Bringing a wildly popular book to the big screen can be a thankless task. But with Savages, Oliver Stone had the help of the novel’s author Don Winslow. Stone tells us, in our Movie Fanatic interview, that it was still one difficult effort.
“Oh, we cut a lot! The book is 120 scenes. I think in a movie we only have 30 scenes to play. We had to make decisions in the script. We made decisions in the editing. We had to consolidate so much. There's so many things different in the movie than the book, you have to read the book to understand that. But definitely the book inspired me,” Stone said.
Stone speaks highly of the author and working with him to craft a powerful piece of cinema from Winslow’s bestselling book. “Don did a great job of writing it and knew that world and it really gave me the desire to make a movie about it that was fresh -- but ruthlessness in terms of having some good deleted scenes that you'll see one day that are fun, but they had to go.”
Savages follows a romantic threesome and how the two males (Taylor Kitsch, Aaron Johnson) find their booming marijuana business being encroached on by a Mexican drug cartel headed by Salma Hayek. When they refuse to cut the cartel in on the action, the guys’ girlfriend O (Blake Lively) is kidnapped.
With the real life drug war looming over every frame of film, Stone is not worried about the reaction from Mexico. In fact, our south of the border neighbor is high on his premiere list for Savages.
“Well, we're going to Mexico right after we open here,” Stone admitted. Even though some may worry about the depiction of the country that sits in the middle of a hemisphere-wide drug war, Stone believes those who inhabit the land are keenly aware of that fact.
“I think people are fairly reasonable and understand the realities of the situation. I think we showed some of the cruelty. We didn't show all of it because it's too rough, but certainly you have to deal with it -- otherwise you're just sanitizing a situation that's gotten extreme.”
The auteur sites his Scarface as an example of a film reflecting the times, rather than exploiting them. “I have made several movies about drugs including Scarface. What I saw in Miami with my own eyes is larger than life. And what I see in Mexico is larger than life,” Stone said.
“The world is living in a larger life fashion in general. We are seeing entertainment become politics and we're seeing people acting out in ways that are extremely violent and destabilizing, including bankers. No rules apply. We're in an era of no rules now, it seems."

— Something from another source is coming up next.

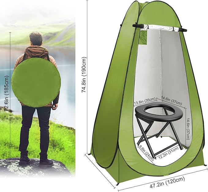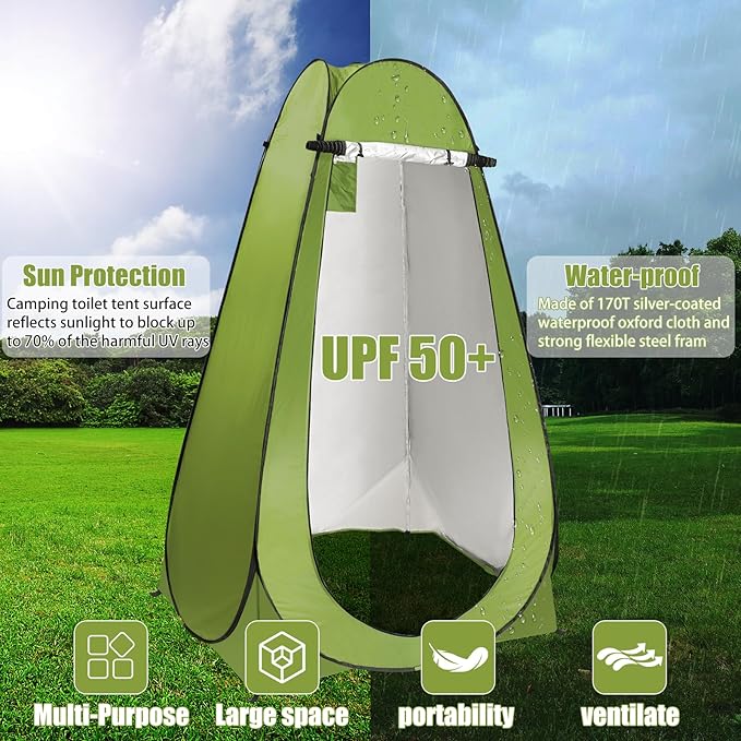 - INNOVATIVE POP-UP SHOWER TENT - SPACIOUS & GOOD PRIVACY: Toilet Tent is 47.2" L x 47,2"W x 74.8" H and offers a spacious interior shelter that comfortably fits a tall man without touching your head. It is made of 170T thickened waterproof Oxford cloth and strong flexible steel frame, light transmission is weak, even in bright light will not expose the outline of the figure. The silver coating on the inside effectively blocks up to 70% of harmful UV rays.

Working with his ensemble cast, as seen so brilliantly in the Savages poster, he was impressed with their strong opinions when it came to knowing their character and fighting for what they felt should be portrayed in the movie over their own director’s wishes.

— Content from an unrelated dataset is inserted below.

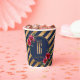Celebrate in style with this unique Sweet Sixteen paper cup design featuring a large, faux gold foil 'Sweet 16'. The solid navy blue background is bordered with diagonal stripes in the same gold foil effect with lush red roses in opposite corners. If preferred, the eye-catching 'Sweet 16' is optional and can be deleted to use this template for other occasions. Use the provided template to customise your name and birthdate. Search ID757 to see other products and colour options for this design.
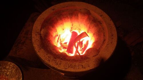 やっと鍛冶屋さんが出来ました。 ネットで買った七輪に竹炭を入れてバーナで火を付け団扇で扇いだけどなかなか良い火にならずドライヤーを漬かったらやっと元気な火となりました。 しかし七輪は作業し難く参りました。炭は竹炭を使ったけどコークスと違って…

“I think it's good that every actor is the best advocate for his own. He's a lawyer for his own defense,” Stone said.
Surprisingly, the one who was most commanding was Lively.

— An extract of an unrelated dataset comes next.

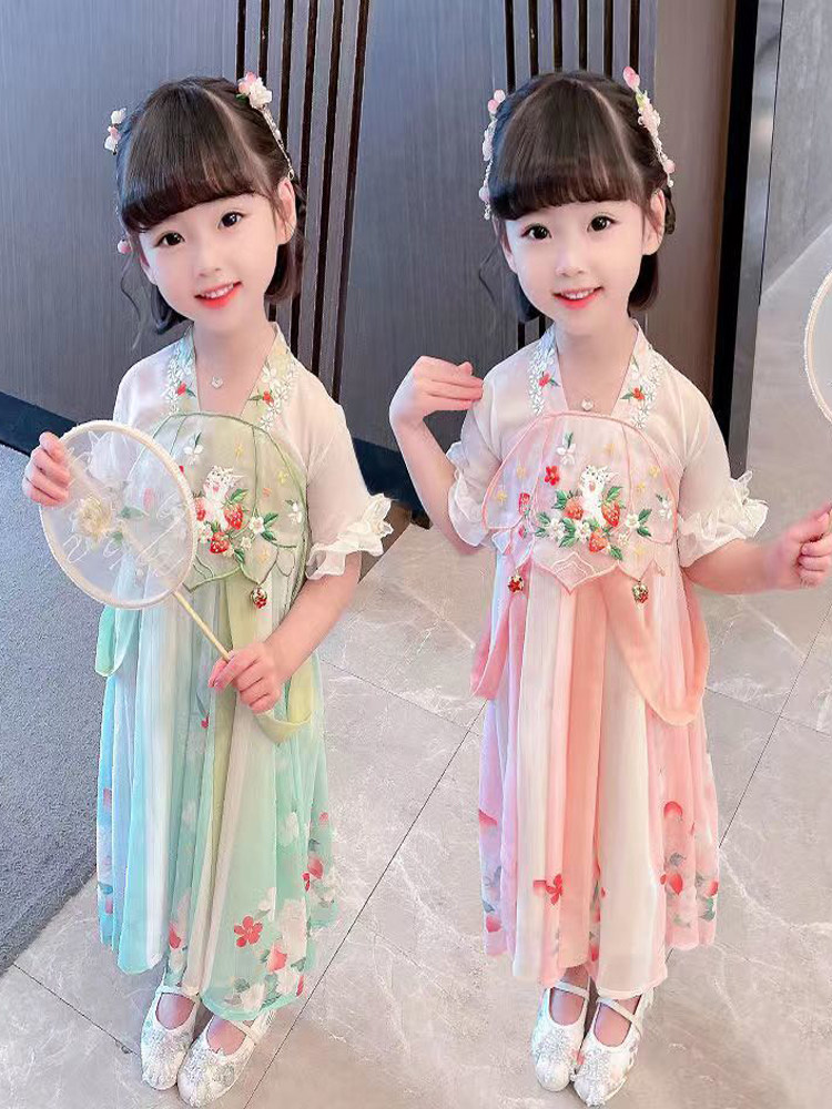 Летнее ханьфу, шифоновое детское платье для девочек, китайский стиль

“A good actor will be thinking, feeling, questioning, and Blake was one of the most aggressive in terms of questioning everything in the script. Her character was different than the concept in the book. She always wanted to emphasize the heart and the hope that she had. She's very elegant, sophisticated and reminds me of Meryl Streep at that age. She's got the chops.”
The film could be seen as having two “endings” that audiences will discover when they witness it in theaters July 6. But, Stone does not see parallel conclusions at all.
“I think you have to say that there are twists and turns in this movie. Some of them are pretty wild and there are a lot of them actually if you start counting back,” Stone said.
“There's a romantic way out, which was from the book. You know it's very much in the girl's head, whether it being a love story or not. Whether the girl would take her own life to join one of her lovers in death was the notion in the book. If you accept that you can live with the first ending. I can't. I see the world a little bit more realistically and I love the ending of the book. It reminds me of Butch Cassidy and the Sundance Kid.”
Stone sites dialogue from the film to further enhance his take on the ending, of course without spoiling a thing! “Blake’s character says, ‘Truth has a mind of its own.’ It happens to all of us. We all have idealism,” Stone said.
Given the helmer’s view on this film being a love story between three people, his vision of the movie’s theme is hardly a surprise. “I think the whole film is an argument for love or not love between three people. O says at the end, ‘I don't think it's possible for people to be equally in love.’”
In the end, Stone feels his film -- as evidenced in the Savages trailer -- is also quite a statement on the drug war in 2012. “By creating that false environment of a war on drugs and cruel and unusual punishment with these crimes, 50 percent of our U.S. population is in jail without having hurt anybody, mostly for drugs,” Stone added. “This is a tremendous inequality in our system.”